Professional Engineering

Ethical dilemma

With the growing use of robotics in defence, experts are hoping for a new morality in warfare

  • Published in Features.

Drone alone

Greater reliance is put on UAVs such as the Reaper

The development of autonomous machines such as robots has brought great benefits to manufacturing. For jobs that require high levels of accuracy and repeatability or are simply too dangerous or boring for people to carry out, robots in, say, a car plant offer a welcome solution. 

But increasing reliance on automated, or semi-autonomous, technology in other areas is giving some engineers cause for concern. One of these is in defence, where newspaper headlines frequently highlight strikes made by unmanned aerial vehicles (UAVs) or drones against targets on the Afghan-Pakistani border. These technological marvels, seemingly unerringly precise, have allowed US and British forces to engage in asymmetric warfare – that is, countering a terrorist-type threat – in previously unheard of ways. But some experts are questioning the morals of using robot-like systems to make these strikes – and they are worried about the path the technology may lead us down.

Among these voices is British academic Noel Sharkey, an expert on robotics from the University of Sheffield’s department of computer science who co-founded a pressure group, the International Committee for Robot Arms Control (ICRAC), last year. The organisation recently brought together experts from all over the world and representatives from government, the defence industry and humanitarian groups for a conference in Berlin where the issue of the ethics and proliferation of automated defence systems was discussed. 

Professor Sharkey, as his position would suggest, is no Luddite. “The actual technology of say, UAVs, is nothing short of miraculous,” he says. “I admire it as an engineer, and it’s doing robotics a lot of good.” 

But he is worried that the ethical dimensions of using systems such as unmanned drones to attack insurgents in Afghanistan are not being given due consideration. Such attacks may, he believes, contravene the rules of war and the principles of internationally accepted humanitarian legislation such as the Geneva Convention. Further, this form of warfare is already pitching countries into a new arms race, with many nations either buying or developing UAVs for military purposes. 

Sharkey explains: “The cornerstone of the Geneva Convention is the principle of distinction, which means that a weapon has to be able to discriminate between a friend and a foe. Another key principle is proportionality – any collateral damage must be proportional to the military advantage gained.”
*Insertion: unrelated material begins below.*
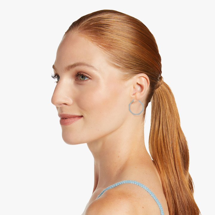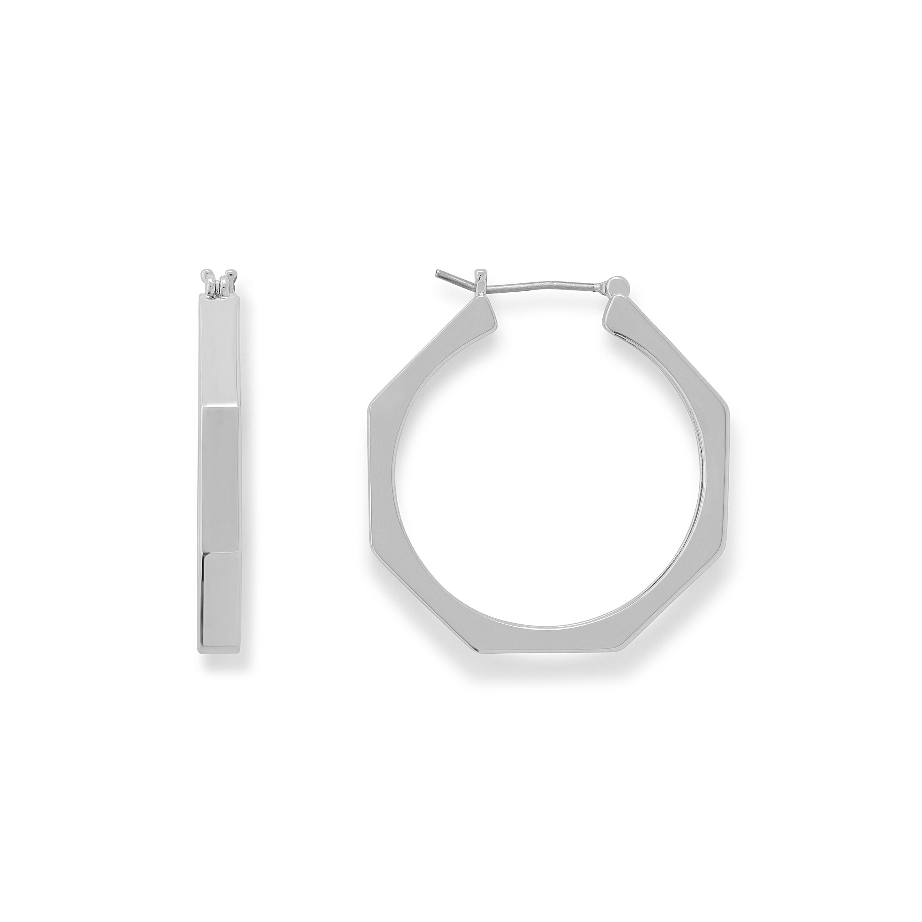The Atlanta Hoops in Silver by Rocksbox are modern, geometric hoops perfect for everyday wear. These earrings are made of high polish silver plating.
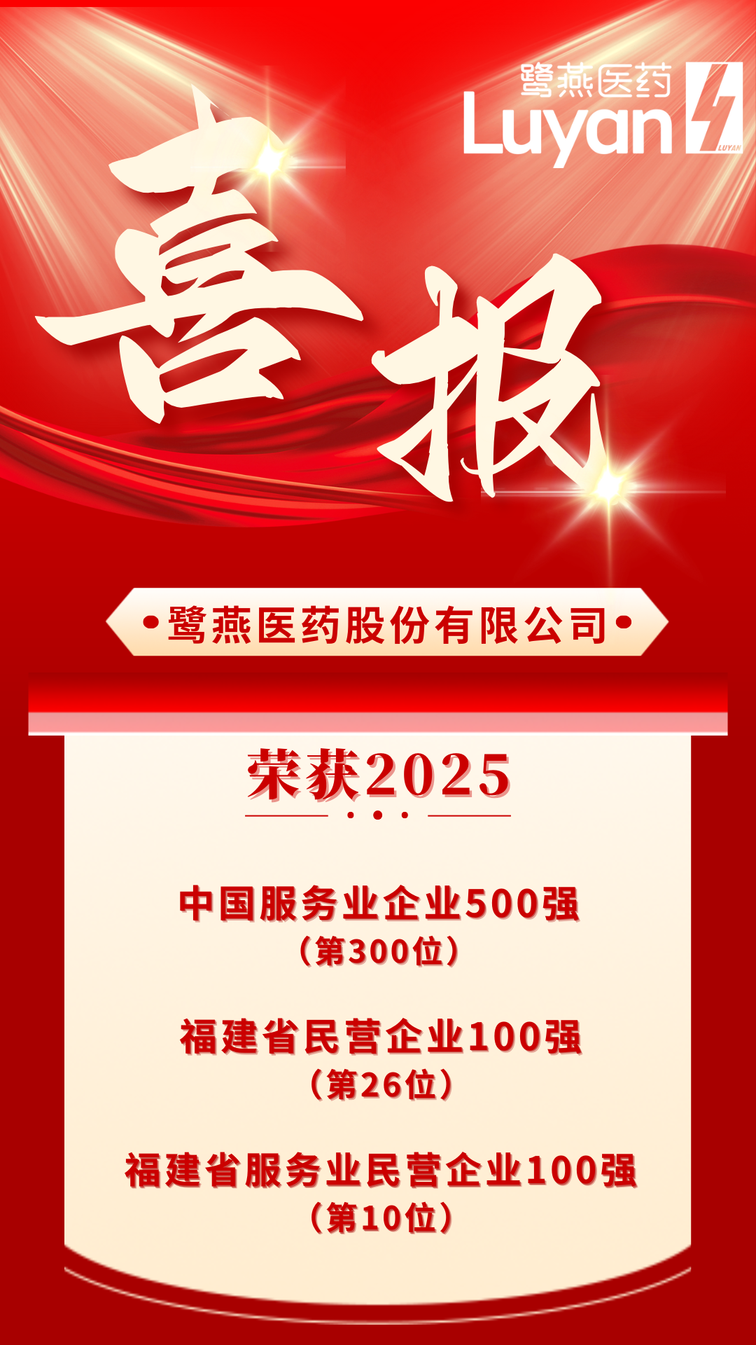 9月28日,福建省工商業(yè)聯(lián)合會(huì)在寧德發(fā)布“2025福建民營(yíng)企業(yè)100強(qiáng)”,鷺燕醫(yī)藥連續(xù)5年上榜,列第26位。同時(shí),在“2025福建省服務(wù)業(yè)民營(yíng)企業(yè)100強(qiáng)”榜單上,鷺燕醫(yī)藥連續(xù)3年上榜,位居第10位。

He believes that UAV and drone attacks are causing unacceptable levels of innocent casualties even as the final judgments on whether to attack are being made by human commanders at, say, an air force base thousands of miles away in the Nevada desert. He argues that increasing the autonomy of such systems is a stated desire of the military and that the development of completely autonomous military robots (such as, for example, BAE’s Taranis system) on the ground, in the sea or in the air can only compound the ethical dilemma.  

“Proportionality is notoriously difficult to judge – there’s no metric for it and it’s up to a human commander to make that call,” he says. “My worry is that no robot or software can do that: it can’t distinguish between combatant and civilian.” Mistakes, he notes, are already being made with humans making the final call. 

Professor Alan Winfield of the University of the West of England is another expert on robotics and is carrying out pioneering research into developing machines that can work comfortably alongside humans [see box]. But he is well aware of the limitations of robotics. “The idea that you can develop a machine that can distinguish between friend and foe is fantasy,” he argues. “In the fog of war, even human soldiers have enormous difficulty sometimes making that judgment. And our technology is not good enough to be able to tell the difference between a child with a toy and a youth with a weapon.”